'Real journalists act as agents of people, not power'

By John Pilger and Eresh Omar Jamal

John Pilger, as foreign correspondent, covered Bangladesh's Liberation War. His front-page report 'Death of a Nation' alerted the world to the life-and-death struggle of the Bengali people. He has been a war correspondent, author and documentary filmmaker who has won British journalism's highest award twice. For his documentary films, he has won an American Television Academy Award, an Emmy, and a British Academy Award given by the British Academy of Television Arts. He has received the United Nations Association Peace Prize and Gold Medal. His 1979 documentary, Cambodia Year Zero, is ranked by the British Film Institute as one of the 10 most important documentaries of the 20th century. He is the author of numerous best-selling books, including Heroes, A Secret Country, The New Rulers of the World, and Hidden Agendas. In an exclusive (electronic) interview with Eresh Omar Jamal of The Daily Star, Pilger talks about his coverage of Bangladesh's Liberation War, the state of journalism today, and the current political shifts happening in the West.

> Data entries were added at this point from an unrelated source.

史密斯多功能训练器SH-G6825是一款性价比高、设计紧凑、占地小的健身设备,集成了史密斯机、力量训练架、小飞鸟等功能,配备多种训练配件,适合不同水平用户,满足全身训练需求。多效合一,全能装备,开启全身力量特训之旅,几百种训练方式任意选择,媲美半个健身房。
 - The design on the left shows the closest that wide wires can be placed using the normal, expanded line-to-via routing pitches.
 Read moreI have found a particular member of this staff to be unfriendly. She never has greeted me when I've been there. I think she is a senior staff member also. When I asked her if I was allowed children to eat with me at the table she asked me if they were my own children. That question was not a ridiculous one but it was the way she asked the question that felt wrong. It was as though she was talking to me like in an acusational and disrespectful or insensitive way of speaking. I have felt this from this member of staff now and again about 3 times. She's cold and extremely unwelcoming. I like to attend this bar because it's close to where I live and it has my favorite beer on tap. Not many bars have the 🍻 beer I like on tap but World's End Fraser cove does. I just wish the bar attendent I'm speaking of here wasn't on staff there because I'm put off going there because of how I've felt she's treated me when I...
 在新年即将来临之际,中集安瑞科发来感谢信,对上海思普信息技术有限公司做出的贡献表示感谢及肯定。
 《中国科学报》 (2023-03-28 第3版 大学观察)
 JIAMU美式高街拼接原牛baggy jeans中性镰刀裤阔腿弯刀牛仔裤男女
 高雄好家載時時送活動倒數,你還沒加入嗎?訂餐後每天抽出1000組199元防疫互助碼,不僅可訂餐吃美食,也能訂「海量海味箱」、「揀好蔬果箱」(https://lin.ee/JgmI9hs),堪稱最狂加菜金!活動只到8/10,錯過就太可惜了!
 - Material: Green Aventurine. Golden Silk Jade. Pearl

January 17, 2019 "Information Clearing House"  In an article for The Guardian in 2008, you wrote that when you came to cover Bangladesh's Liberation War in 1971, Bangabandhu Sheikh Mujibur Rahman's wife Sheikh Fazilatunnesa Mujib had asked you, “Why have you come when even crows are afraid to fly over our house?” But you didn't write your answer. Can you share what it was?

I had spent much of 1971 based in Calcutta reporting on the seven million refugees coming from what was then East Pakistan. Their journey was along what we reporters called a “corridor of pain”. The previous year, I had witnessed the devastation caused by the great tidal wave that engulfed the unprotected Bay of Bengal. What had struck me was the lack of real concern by the government in Islamabad, which sent the army to impose martial law on the people of East Bengal.

This was a dangerous corner of the world for ordinary people and dissenters from the colonial power that touched all their lives; it was also an inspirational place where, it was clear to me, a free Bangladesh was struggling to be born.

I like Bengali people; I admired their resilience and warmth and wit. In the summer of 1971, a young idealistic lawyer, Moudud Ahmed (who later rose to high office in Bangladesh), led me at night across the Radcliffe Line that divided India from East Pakistan. We marched behind an armed guide bearing a green and red Bangladeshi flag and we listened to people's moving accounts of Pakistani atrocities and saw their destroyed villages.

My subsequent report in the London Daily Mirror and my colleague Eric Piper's photographs provided substantial evidence that the Islamabad government was waging genocidal war in Bengal.